What goes around, comes around ~ compost, Karma and kindness
One of the hardest things about moving house is leaving behind a garden you have nurtured and cherished. I used to be a gardener. I am still one inside, but after our last move, from one garden that was far too big (an acre, if you’re curious) to one that was far too small, I lost heart. I found I just couldn’t do it any more. The garden was tiny and the soil exhausted and slightly toxic from overuse in the past of both weed-killer and chemical fertilizers. Turn a spade and nothing wriggled. We tended it but for me it was without enthusiasm.
But diligently we filled our two remaining composters, with teabags, veg peelings and the like. Our garden in Kegworth, we’d had a row of six Daleks and when we left, I gave 4 of them away to a freecycler who also filled some sacks with the beautiful well-rotted compost those Daleks had contained. This year, the composter in use was a glorious mass of wriggly soil workers: hundreds upon hundreds of worms.
So of course, the move became more than speculation, became a reality and it dawned on me that for the umpteenth time, I’d be leaving behind perfect compost. We dug that batch into the veg patch. If nothing else we’d restored that small patch of earth to something like a fertile, healthy soil.
Moving house is up there in the top ten stresses. I’d fretted myself almost into a breakdown by the time moving day came, paralysed by sheer anxiety into a state resembling a rabbit in the headlights. No amount of reassurance made a difference. I’ve been ambivalent about this move for lots of reasons; I suspect some of it is based on deep distrust of the bureaucracy the church can be infamous for, and also because it meant that a certain level of independence would be lost. But sometimes you just have to go where the Wind blows you, and in the end, I let go and just allowed myself to be borne away on that Wind.

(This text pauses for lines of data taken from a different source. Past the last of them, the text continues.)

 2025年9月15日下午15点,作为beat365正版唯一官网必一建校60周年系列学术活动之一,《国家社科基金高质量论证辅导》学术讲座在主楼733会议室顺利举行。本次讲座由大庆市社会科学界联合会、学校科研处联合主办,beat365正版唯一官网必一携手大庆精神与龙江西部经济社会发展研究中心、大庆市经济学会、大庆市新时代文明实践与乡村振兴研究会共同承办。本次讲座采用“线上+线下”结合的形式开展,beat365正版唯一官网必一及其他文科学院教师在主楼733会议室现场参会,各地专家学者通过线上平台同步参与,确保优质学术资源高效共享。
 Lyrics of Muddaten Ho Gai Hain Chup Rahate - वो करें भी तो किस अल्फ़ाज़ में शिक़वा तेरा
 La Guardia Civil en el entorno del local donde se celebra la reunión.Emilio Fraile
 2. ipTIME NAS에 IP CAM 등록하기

I’ve just about emerged from walls of boxes now. Apart from my study most of the boxes are unpacked and the house feels like home. It doesn’t quite smell like home yet but I am working on that. The acid test is when my mum arrives next week and walks in the front door and takes a big sniff. I’ll let you know what she says.
In the first few days, I worked solidly at unpacking but one evening my other half told me something that was a pleasant surprise. There’s an area behind the garage that’s what you might call a ‘service area’ with a compost bin and such like behind a trellis fence. It turns out that there’s a compost heap too. It’s about twelve feet long and about five deep, and 3 feet high. There must be a good metric tonne of well rotted compost here. I suspect that this is about the same as all the compost I’ve left behind in the last twenty years.

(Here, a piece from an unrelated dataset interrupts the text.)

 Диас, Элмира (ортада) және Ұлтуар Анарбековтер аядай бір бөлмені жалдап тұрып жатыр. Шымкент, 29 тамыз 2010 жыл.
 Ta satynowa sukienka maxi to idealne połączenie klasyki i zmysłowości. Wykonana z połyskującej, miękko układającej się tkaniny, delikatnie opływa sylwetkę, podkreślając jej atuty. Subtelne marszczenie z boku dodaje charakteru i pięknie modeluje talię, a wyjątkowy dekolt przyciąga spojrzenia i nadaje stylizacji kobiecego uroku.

There are also a dozen or so apple trees. In the last gardens I have planted dozens of trees (literally) and I don’t think when it comes to apples, I’ve ever stayed long enough to ever taste a single one. We once grew asparagus from seed; by the time we left that garden, it was getting close to being ready to crop. We never got to eat any.
Many years ago, when we had our first garden, a friend asked me why I was bothering to plant things when we knew we’d only be there for three years. At the time I answered somewhat acerbically that what was the point in doing anything when we’re only on this planet for perhaps eighty or so years. The thing is, planting trees that one will never live to see in their prime is a selfless act. One is planting for a future generation, never for oneself. If no one did it, imagine the world in fifty years time.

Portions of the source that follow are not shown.